Josephine Preston Peabody (May 30, 1874 – December 4, 1922) was an American poet and dramatist.

==Biography==
Peabody was born in New York and educated at the Girls' Latin School, Boston, and at Radcliffe College. She also participated in George Pierce Baker's Harvard Workshop 47.

In 1898, she was introduced to fifteen-year-old Khalil Gibran by Fred Holland Day, the American photographer and co-founder of the Copeland-Day publishing house, at an art exhibition. Shortly thereafter Gibran returned to Lebanon but the pair continued to correspond.

From 1901 to 1903, she was instructor in English at Wellesley. The Stratford-on-Avon prize went to her in 1909 for her drama The Piper, which was produced in England in 1910; and in America at the New Theatre, New York City, in 1911. Composer Grace Chadbourne used Peabody's text for her songs "Green Singing Book" and "Window Pane Songs".

On June 21, 1906 she married Lionel Simeon Marks, a British engineer and professor at Harvard University.
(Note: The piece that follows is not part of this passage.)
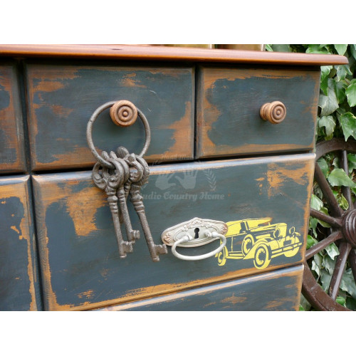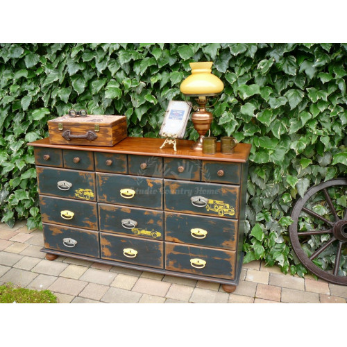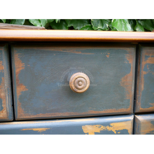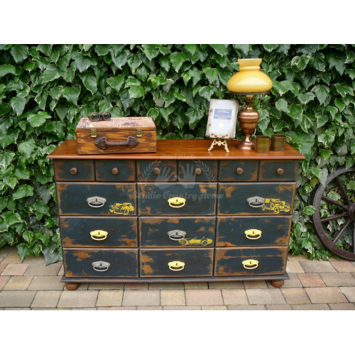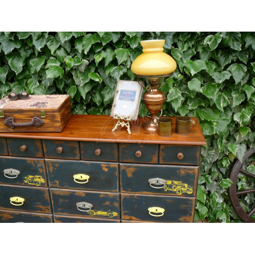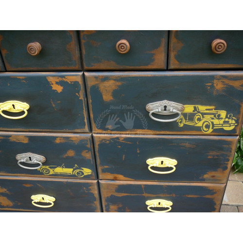Komoda z borovicového dreva upravená v štýle INDUSTRIÁL. Je zaujímavá a zároveň veľmi praktická vďaka mnohým šuflíkom, ktoré sú zdobené veľmi nápadnými úchytkami. Má nové výsuvy na šuflíkoch, aby ich bolo možné úplne vysunúť a tak využiť celkový priestor, ktorý poskytujú.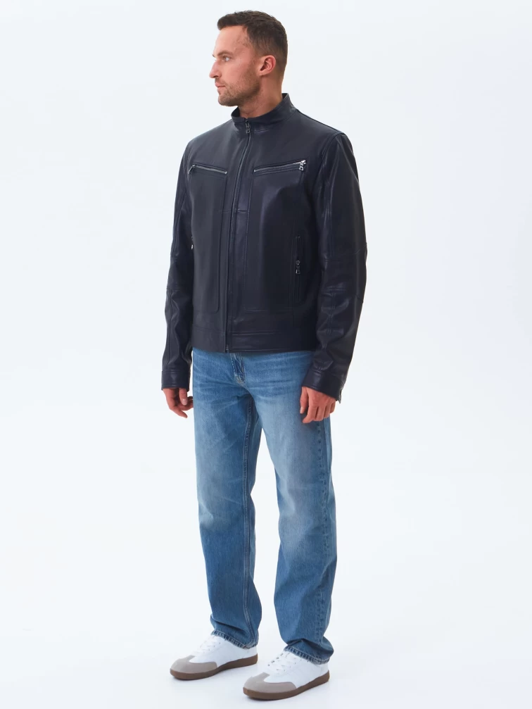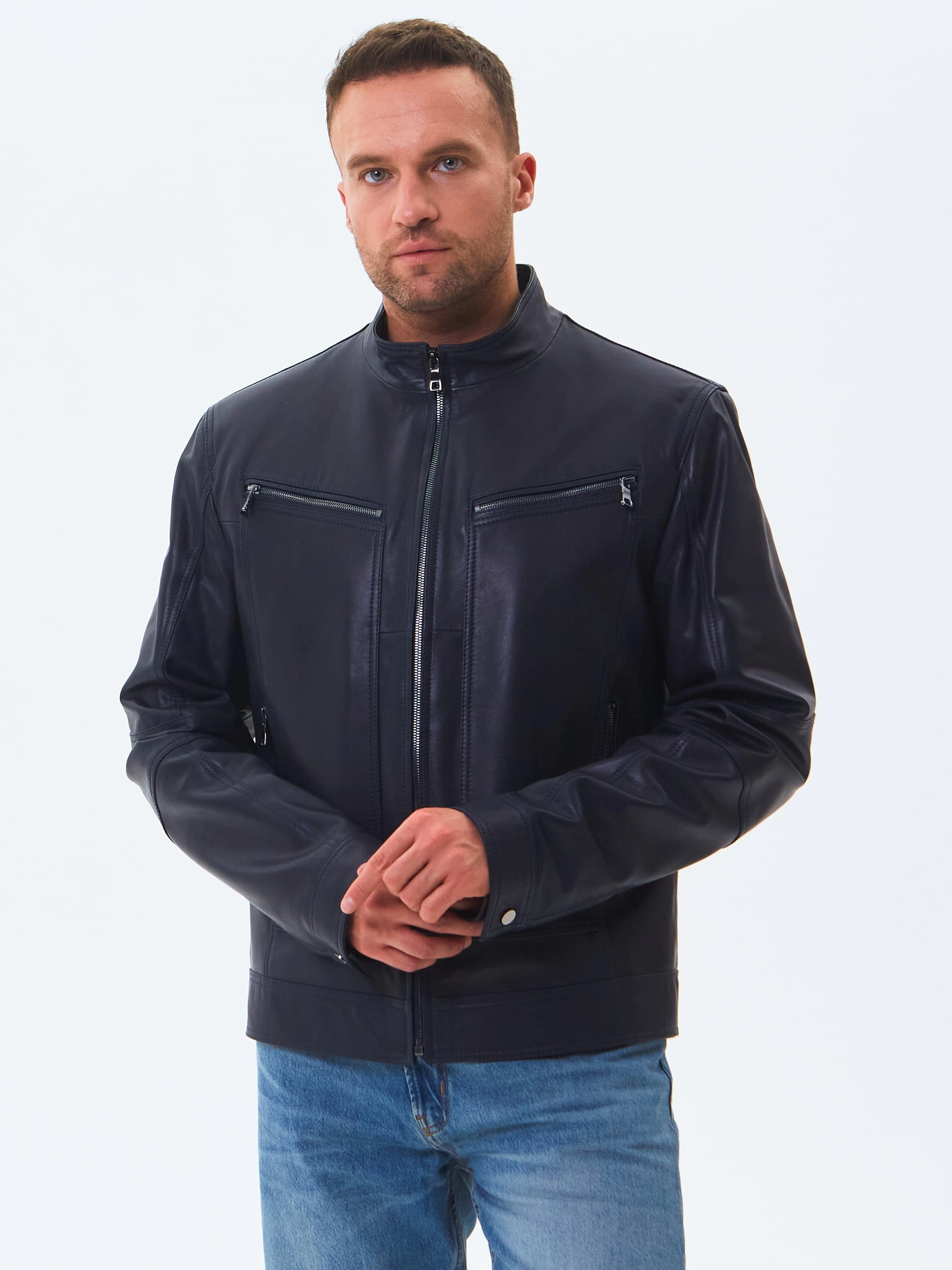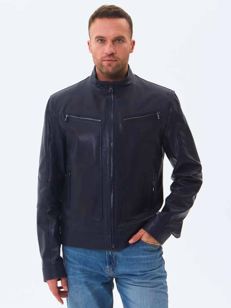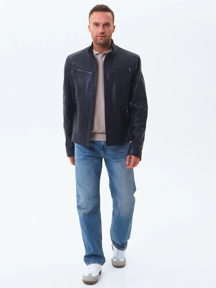 Кожаная куртка мужская 507, синяя, размер 50, артикул 28600

They had a daughter, Alison Peabody Marks (July 30, 1908 – April 7, 2008), and a son, Lionel Peabody Marks (February 10, 1910 - January 25, 1984).

==Selected works==
- Old Greek Folk Stories Told Anew (1897)
- The Wayfarers: A Book of Verse (1898)
- Fortune and Men's Eyes: New Poems, with a Play (1900)
- In the Silence (1900)
- Marlowe (her first play),
- The Singing Leaves; a book of songs and spells (1903)
- The Wings (1905), a drama
- The Book of the Little Past (1908)
- The Piper: A Play in Four Acts (1909)
- The Singing Man (1911), poems
- The Wolf of Gubbio (1913)
- New Poems (1915)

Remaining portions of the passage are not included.